В этот вечер, размышляя о религии знака, которая встала перед ним в своей математической наготе, Клодель записал:

«Пусть другие в рядах китайских письмен открывают голову барана, пясти рук, ноги человека, солнце, которое восходит за деревом. Я же исследую в них капканы более безвыходные.

Всякое письмо начинается с черты или линии, которая сама по себе в своей длительности представляет чистый знак личности. Линия или горизонтальна, как всякое явление, которое в одном параллелизме к своей собственной сущности находит достаточное основание бытия; или вертикальна, как дерево, как человек, указывая на действие и утверждая; или наклонна — тогда она обозначает движение и чувство.

Латинская буква имеет в основе линию вертикальную; китайский же знак, думается, избрал первоосновой горизонтальную. Латинская буква властным жестом утверждает, что вещь такова; китайский же знак есть та вещь целиком, которую он знаменует.
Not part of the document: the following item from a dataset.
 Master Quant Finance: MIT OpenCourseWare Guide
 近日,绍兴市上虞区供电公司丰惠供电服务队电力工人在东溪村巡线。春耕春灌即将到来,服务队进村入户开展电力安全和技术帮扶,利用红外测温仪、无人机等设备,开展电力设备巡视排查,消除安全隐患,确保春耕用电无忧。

И та, и другой — символы. Возьмите, например, цифры: и буквы, и цифры одинаково отвлеченные образы. Но буква в своей сущности аналитична: слово, составляемое из них, есть последовательность утверждений, которые глаз и голос разбирают по слогам.

Китайские знаки представляют, если можно так выразиться, развитие цифры. Слово существует последовательностью букв, знак — соответствием черт.
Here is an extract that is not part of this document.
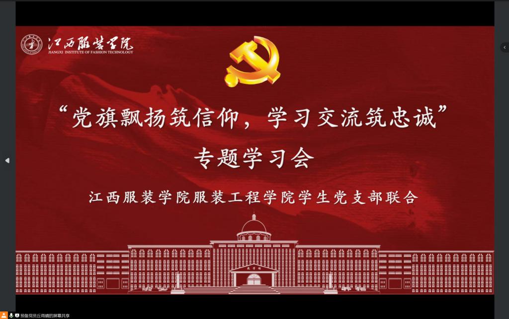 服装工程学院学生第一党支部和第二党支部7月1日线上联合开展“党旗飘扬筑信仰,学习交流筑忠诚”专题学习会,通过集中学习研讨、观看视频、交流学习心得、重温入党誓词等形式,深化学习效果。

Разве нельзя себе вообразить, что в этом последнем горизонтальная линия, например, обозначает вид, вертикальная — индивидуальность, извилистые во всем их многообразии — совокупность свойств и устремлений, которые всему придают смысл, точка, висящая в пространстве, какое-нибудь соотношение, которое надо только подразумевать?

Так, знак китайского письма можно рассматривать как схематическое существо, написанную личность, подобно существу живущему обладающее своей природой, своими свойствами, присущею ему действенностью и внутренними качествами, собственной анатомией и собственным лицом.
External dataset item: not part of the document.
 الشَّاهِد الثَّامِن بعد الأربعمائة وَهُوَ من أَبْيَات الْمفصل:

Этим объясняется благоговение китайцев перед письмом; самые ничтожные бумажки, отмеченные таинственными знаками, сжигаются с почтением. Знак — это существо; поэтому он священен. Изображение идеи здесь является в известном смысле идолом. Такова основа этой религии знака, свойственной только Китаю».

Составив себе представление о чертеже молитвы и мысленно начертив логический кристалл китайского ума, в гранях которого отражается отвлеченное, Клодель подумал, что следующею ступенью познания Востока должно стать представление о чувствительности — о характере китайского романтизма. Поэтому он отправился осмотреть сады.55

Он шел по черной и жидкой грязи вдоль улицы-канавы и тщательно отмечал все свои впечатления:

Половина четвертого. Белый траур. Небо точно закутано в простыни. Воздух сырой и теплый. Вонь сильная, как динамит. Пахнет маслом, чесноком, жиром, потом, опиумом, мочой, калом и падалью. Стена змеится и вьется; ее хребет из кирпичей и прорезных черепиц напоминает спину пресмыкающегося дракона; нечто вроде головы в клубах дыма заканчивает ее. Это здесь. Он постучался в черную дверцу. Через ряд низких прихожих и узких коридоров он проник в необычайное место.

Перед ним была гора, рассеченная пропастью, куда можно было спуститься по крутым карнизам. Подошва омывалась маленьким озером, наполовину покрытым зеленой плесенью. Через него наискось, зигзагами, перекинут мост. Чайный домик, на столбах розового гранита, отражал в черно-зеленой воде свои двойные триумфальные крыши, которые, как распростирающиеся крылья, точно приподымали его от земли. Гигантские голые деревья, как железные канделябры, вбитые в землю, затемняя небо, тяготели над садом.

По сложному лабиринту тропинок он достиг киоска на вершине. Оттуда сад казался вогнутой глубоко долиной, полной храмов и беседок, и посреди деревьев вставала целая поэма крыш. Воздух зеленый — «точно смотришь сквозь старое стекло». Молчание глубокое, — «как на лесном перекрестке зимою».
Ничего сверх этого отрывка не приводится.